La dernière en date est d’ailleurs la création de «l’Observatoire marocain des commandes publiques». Placée sous la tutelle de l’Autorité gouvernementale en charge des finances, cette structure devrait permettre de collecter, traiter, analyser, publier et mettre à jour les données relatives aux commandes publiques.

L’Observatoire est également destiné à promouvoir la consultation et l’échange d’informations entre les parties prenantes, à mettre en place des indicateurs de suivi de la performance des commandes publiques, ainsi que produire les informations comptables, financières et économiques y afférentes.

Cependant, cette structure n’a pas encore produit le moindre rapport, plus d’un an après sa constitution. Le travail est sans doute en cours pour instaurer une publication régulière d’indicateurs et de données associées aux commandes publiques.

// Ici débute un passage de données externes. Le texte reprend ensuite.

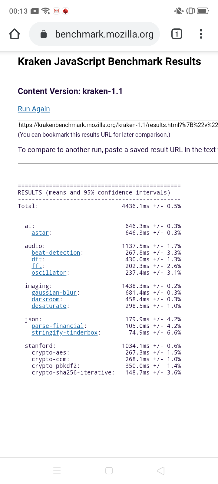 | Mozilla Kraken (мс, меньше — лучше) | 4436 | 4103 | 4573 | 2957 | 5267 |
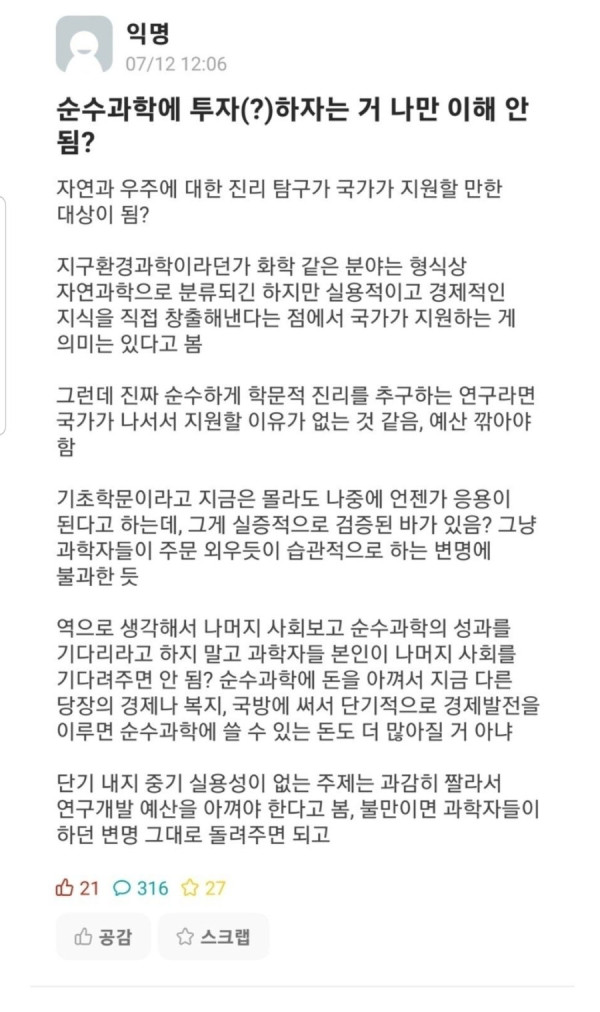 순수과학에 돈 투자하는거 나만 이해 안됨?

Il s’agit non seulement d’un impératif pour la transparence, mais aussi d’un précieux outil pour orienter la commande publique, de sorte à en faire profiter un maximum d’entreprises.

Car si les grands groupes nationaux ont la capacité aujourd’hui de rivaliser avec des mastodontes internationaux, il est de leur responsabilité d’attirer dans leur sillage des PME qui ne cherchent que l’opportunité de montrer leurs compétences.